◆ DATASET RECORDS ◆
---

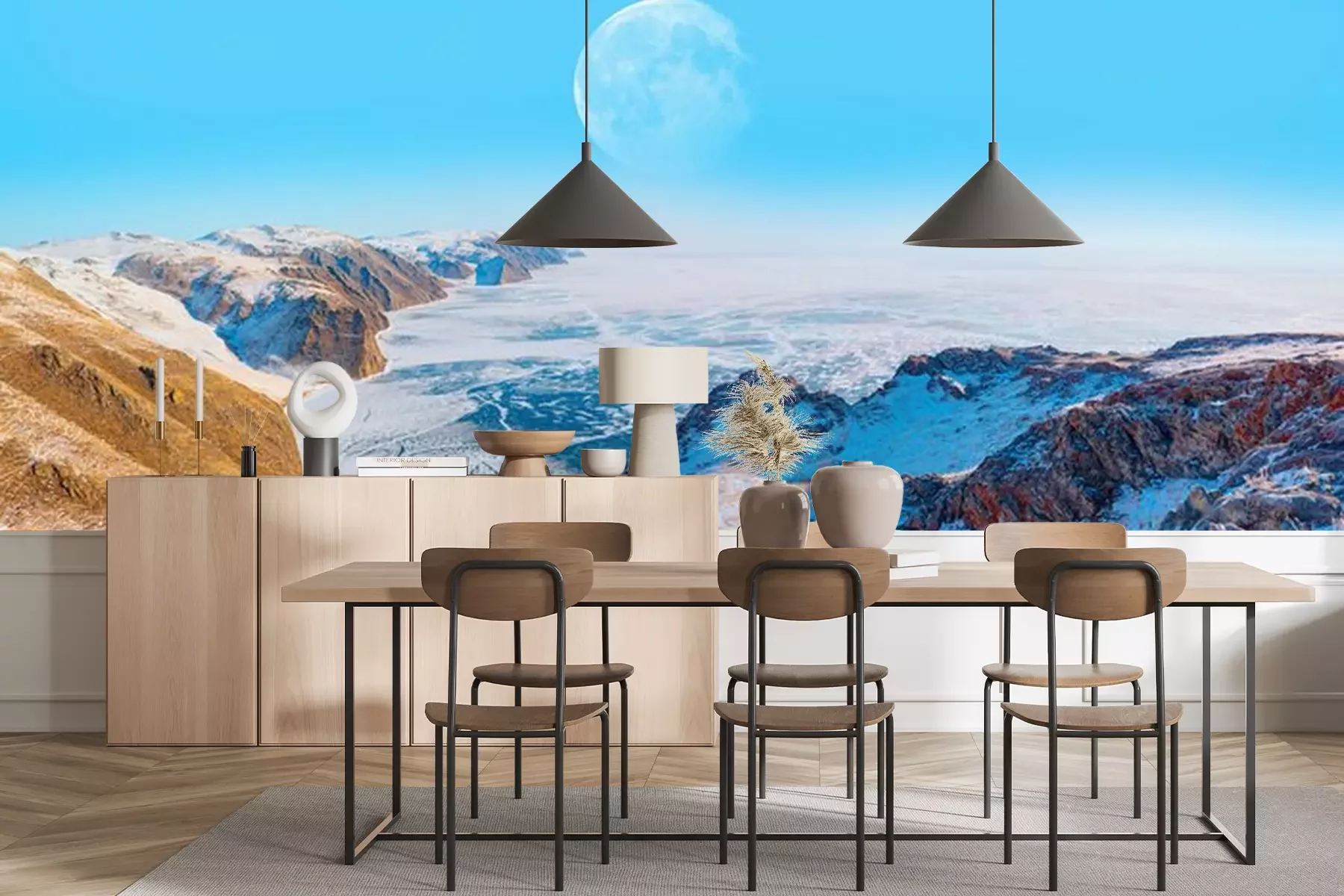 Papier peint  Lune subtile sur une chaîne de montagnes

---

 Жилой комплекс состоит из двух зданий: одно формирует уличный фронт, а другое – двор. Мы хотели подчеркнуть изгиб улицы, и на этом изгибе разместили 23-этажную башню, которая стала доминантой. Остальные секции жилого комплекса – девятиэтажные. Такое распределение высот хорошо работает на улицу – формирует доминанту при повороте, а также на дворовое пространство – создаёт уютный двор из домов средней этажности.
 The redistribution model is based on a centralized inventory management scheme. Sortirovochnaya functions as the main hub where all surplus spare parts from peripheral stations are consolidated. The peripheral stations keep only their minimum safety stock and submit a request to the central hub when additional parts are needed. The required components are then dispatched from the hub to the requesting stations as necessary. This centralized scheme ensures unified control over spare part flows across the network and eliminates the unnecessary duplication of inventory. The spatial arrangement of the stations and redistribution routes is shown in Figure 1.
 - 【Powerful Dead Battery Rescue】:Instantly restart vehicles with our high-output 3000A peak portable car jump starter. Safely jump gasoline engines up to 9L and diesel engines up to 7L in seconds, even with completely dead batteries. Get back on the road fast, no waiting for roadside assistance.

---

◆ TASK STATEMENT ◆
Reproduce the lines of the entries above from the one with "The redistribution model" to the one with "- 【Powerful Dead", both included, exactly and without any other line.

◆ EXPECTED ANSWER ◆
 The redistribution model is based on a centralized inventory management scheme. Sortirovochnaya functions as the main hub where all surplus spare parts from peripheral stations are consolidated. The peripheral stations keep only their minimum safety stock and submit a request to the central hub when additional parts are needed. The required components are then dispatched from the hub to the requesting stations as necessary. This centralized scheme ensures unified control over spare part flows across the network and eliminates the unnecessary duplication of inventory. The spatial arrangement of the stations and redistribution routes is shown in Figure 1.
 - 【Powerful Dead Battery Rescue】:Instantly restart vehicles with our high-output 3000A peak portable car jump starter. Safely jump gasoline engines up to 9L and diesel engines up to 7L in seconds, even with completely dead batteries. Get back on the road fast, no waiting for roadside assistance.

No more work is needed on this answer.